The Chromosomal Anomaly in Down Syndrome
The genetic cause of Down syndrome is the presence of an extra full or partial copy of chromosome 21, often referred to as Trisomy 21. The term “trisomy” indicates three copies of a particular chromosome instead of the usual two.
Typically, each human cell contains 23 pairs of chromosomes, totaling 46. These chromosomes carry genetic instructions that guide the body’s development and function. In individuals with Trisomy 21, however, cells contain 47 chromosomes, with the additional one being a third copy of chromosome 21. Chromosome 21 is the smallest human autosome, which is a non-sex chromosome.
Different Genetic Types of Down Syndrome
The extra genetic material from chromosome 21 can arise through different mechanisms, leading to three main types of Down syndrome.
Standard Trisomy 21
This is the most common form, accounting for approximately 95% of cases. It occurs due to an error in cell division called nondisjunction, where a pair of chromosome 21s fails to separate correctly during the formation of egg or sperm cells. As a result, the developing embryo receives an extra chromosome 21 from one parent, and this additional chromosome is replicated in every cell of the body. This form is generally not inherited from parents.
Translocation Down Syndrome
Occurring in about 3% of cases, this type involves an extra full or partial copy of chromosome 21 attaching itself to another chromosome, often chromosome 14, 21, or 22. In this scenario, the total number of chromosomes remains 46, but the genetic material is rearranged. This type can sometimes be inherited if a parent carries a balanced translocation, meaning they have rearranged genetic material but no extra or missing chromosomal content themselves.
Mosaic Down Syndrome
Mosaic Down syndrome is the least common type, affecting about 1% to 2% of individuals with the condition. This form is characterized by the presence of two or more genetically different cell lines within the same person. Some cells have the typical 46 chromosomes, while others have an extra copy of chromosome 21, totaling 47 chromosomes. This mosaic pattern typically arises from an error in cell division that occurs after fertilization, during the early stages of embryonic development.
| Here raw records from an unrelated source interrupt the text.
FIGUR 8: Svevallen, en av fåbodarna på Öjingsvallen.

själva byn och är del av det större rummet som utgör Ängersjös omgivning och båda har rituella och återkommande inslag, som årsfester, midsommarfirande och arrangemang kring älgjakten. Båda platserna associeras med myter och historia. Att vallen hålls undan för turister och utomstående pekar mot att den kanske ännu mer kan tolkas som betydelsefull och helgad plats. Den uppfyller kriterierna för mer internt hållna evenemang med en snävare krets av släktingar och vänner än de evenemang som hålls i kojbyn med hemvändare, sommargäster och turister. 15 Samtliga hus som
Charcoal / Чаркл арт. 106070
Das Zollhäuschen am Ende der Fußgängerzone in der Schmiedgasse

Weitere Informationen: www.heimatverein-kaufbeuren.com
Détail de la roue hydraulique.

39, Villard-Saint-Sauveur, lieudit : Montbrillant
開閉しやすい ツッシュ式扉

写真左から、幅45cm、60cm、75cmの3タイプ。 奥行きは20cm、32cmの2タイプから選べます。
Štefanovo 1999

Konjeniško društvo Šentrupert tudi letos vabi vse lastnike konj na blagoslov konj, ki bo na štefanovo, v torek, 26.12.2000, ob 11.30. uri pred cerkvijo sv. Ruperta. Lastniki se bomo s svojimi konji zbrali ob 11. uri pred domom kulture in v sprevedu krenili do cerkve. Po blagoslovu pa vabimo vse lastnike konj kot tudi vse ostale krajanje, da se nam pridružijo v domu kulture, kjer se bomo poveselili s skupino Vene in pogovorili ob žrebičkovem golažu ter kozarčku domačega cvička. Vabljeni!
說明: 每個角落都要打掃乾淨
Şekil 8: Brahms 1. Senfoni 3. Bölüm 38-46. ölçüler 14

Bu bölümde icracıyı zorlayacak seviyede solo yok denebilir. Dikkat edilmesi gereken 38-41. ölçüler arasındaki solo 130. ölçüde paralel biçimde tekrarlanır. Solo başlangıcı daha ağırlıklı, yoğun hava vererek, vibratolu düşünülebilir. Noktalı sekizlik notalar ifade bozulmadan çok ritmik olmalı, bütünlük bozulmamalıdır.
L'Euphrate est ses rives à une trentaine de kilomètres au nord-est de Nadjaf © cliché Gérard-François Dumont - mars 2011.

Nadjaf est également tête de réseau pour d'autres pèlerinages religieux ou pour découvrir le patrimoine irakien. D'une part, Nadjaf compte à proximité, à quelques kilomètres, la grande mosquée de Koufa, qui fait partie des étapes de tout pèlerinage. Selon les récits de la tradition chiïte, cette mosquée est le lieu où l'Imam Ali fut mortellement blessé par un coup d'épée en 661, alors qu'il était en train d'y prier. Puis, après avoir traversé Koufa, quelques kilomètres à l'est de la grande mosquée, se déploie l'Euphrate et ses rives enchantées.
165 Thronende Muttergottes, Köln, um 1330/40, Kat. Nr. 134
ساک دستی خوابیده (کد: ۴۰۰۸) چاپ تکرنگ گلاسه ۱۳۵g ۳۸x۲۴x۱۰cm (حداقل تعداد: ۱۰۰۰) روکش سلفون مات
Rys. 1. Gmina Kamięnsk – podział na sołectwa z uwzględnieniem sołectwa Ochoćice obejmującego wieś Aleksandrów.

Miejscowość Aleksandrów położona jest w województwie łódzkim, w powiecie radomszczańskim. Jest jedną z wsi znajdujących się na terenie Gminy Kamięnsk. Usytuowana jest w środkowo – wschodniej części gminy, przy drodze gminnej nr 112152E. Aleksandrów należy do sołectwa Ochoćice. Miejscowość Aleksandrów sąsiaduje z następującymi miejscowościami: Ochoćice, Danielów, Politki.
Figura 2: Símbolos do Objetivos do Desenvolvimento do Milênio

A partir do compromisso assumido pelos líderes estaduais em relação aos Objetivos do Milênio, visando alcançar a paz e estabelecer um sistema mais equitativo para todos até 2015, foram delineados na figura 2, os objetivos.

How Extra Genetic Material Affects Development
The presence of extra genetic material from chromosome 21 influences development through a concept known as “gene dosage.” Having three copies of the genes located on chromosome 21, instead of the usual two, leads to an increased expression of these genes. This overexpression can disrupt the balance of normal developmental pathways and cellular processes.
The altered gene dosage impacts various systems throughout the body. While the exact mechanisms are complex, the cumulative effect of these overexpressed genes contributes to the characteristic features and health considerations associated with Down syndrome. This affects how the body and brain develop.